Now mind you, I said I wasn't an expert. so if someone else gives you better advice TAKE IT, lol.


----------



## Ryder's Mom (Jun 10, 2011)

Bonnie's Mommie said:


> Hi Kelley - I'm not a real expert by any means, but I have a couple questions:
> 
> Re barking - you say you've tried everything - specifically what have you tried? Consistency is key, so if you try one thing and it doesn't work right away, don't give up and try something else, that will only confuse him.
> 
> ...


I've used different techniques that I've been recommended by different trainers. One told me to hold around his snout and tell him 'enough' to get him to stop. That worked for a little while until he figured out that he can just go and run under something and hide then I can't close his mouth, lol. So I've been trying just the command 'enough' and it works sometimes but other times it's like he doesn't even hear me / chooses to ignore me.

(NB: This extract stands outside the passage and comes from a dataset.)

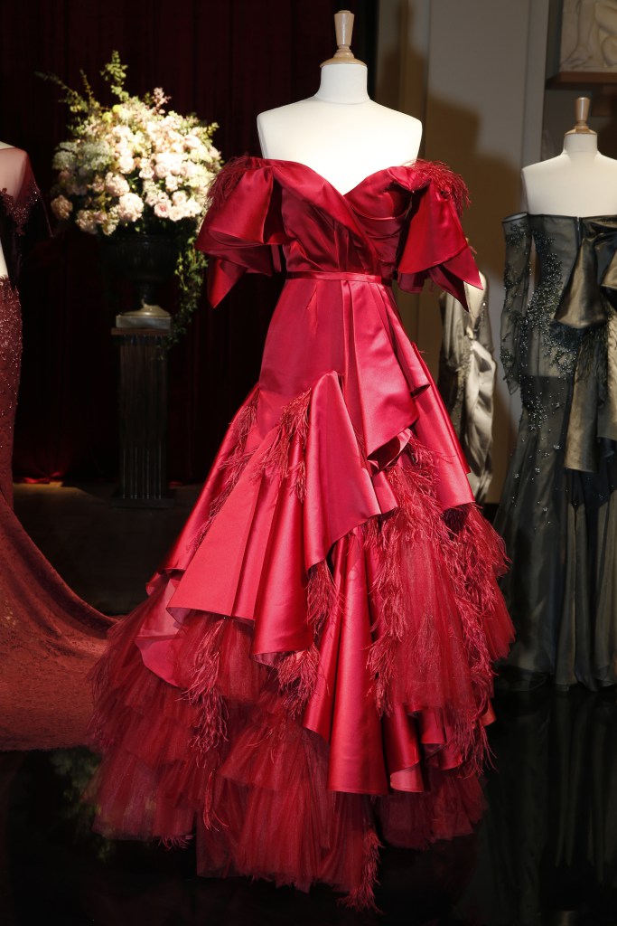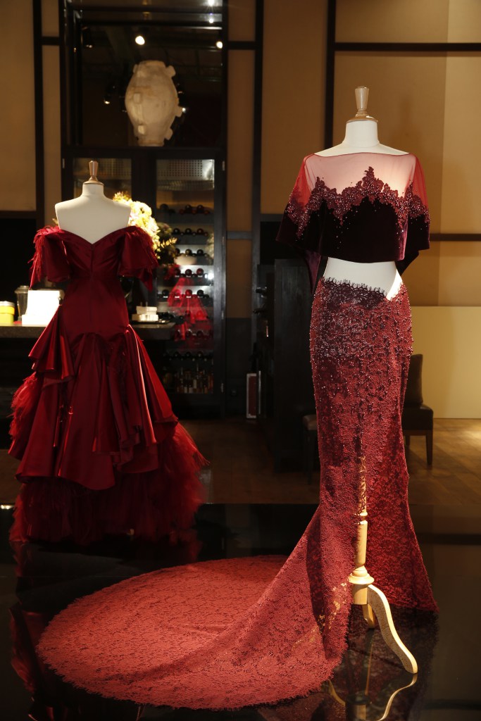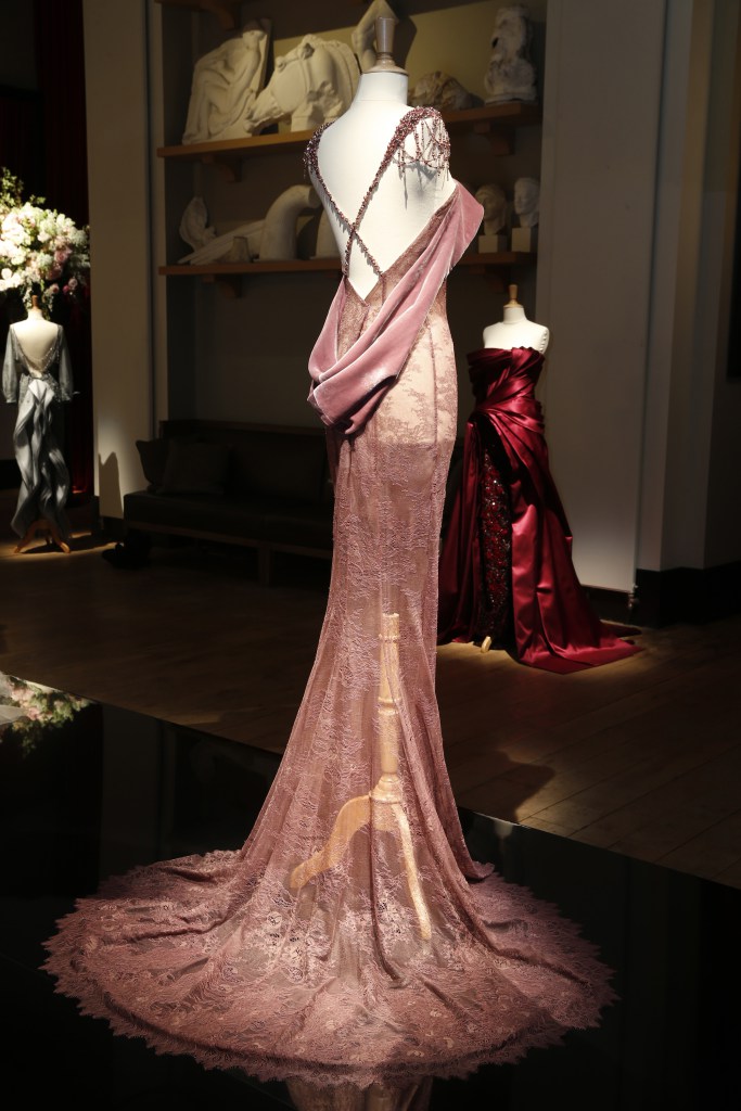 Présentation LAN YU au Mini-Palais: la créatrice chinoise nous entraîne dans le tourbillon des années folles où insouciance, luxe et music-hall donnaient le tempo. Soie, satin, velours, dentelle, voile, broderies de perles et de cristal, dos échancré, épaules dénudées, taille fluide ou marquée, manches bouffantes ou volantées, liens délicats, drapé de tulle chair ceinturé d’un corset brodé de fleurs serties de pierre topaze, traîne en dentelle grenat interminable. Les robes aux coupes parfaites, tout à la fois fluides et structurées, sont magnifiques et exacerbent la féminité.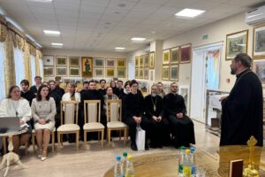 2 октября 2025 года в Гомельское епархиальное управление прибыла делегация студентов Минской духовной академии во главе с проректором по воспитательной работе иеромонахом Андреем (Василюком). По сложившейся традиции студенты совершают паломнические и ознакомительные поездки в различные епархии Белорусской Православной Церкви, где знакомятся с опытом пастырского и миссионерского служения, деятельностью церковных отделов и духовных центров.

I'm not sure. I got Ryder when he was twelve weeks old from an older couple whose dog accidently got pregnant. He's fine with other males, it's just Ron for some reason. He's scared of him and as far as I know Ron hasn't done anything to hurt him so I am thoroughly confused when it comes to that. 

It seems as if anywhere Ron goes or has his things Ryder thinks it's okay to go there. He hasn't had an accident in my room (which is where he sleeps and spends most of his time) since he was a baby so I thought maybe he was trying to assert dominance over Ron? 

That's what I've been doing. He's just a stubborn little guy. If we're playing fetch I make him sit down before I throw the ball and then drop the ball before I'll take it from him when he returns it. He seems to focus really well doing that, it's just with the treats he goes nuts.


----------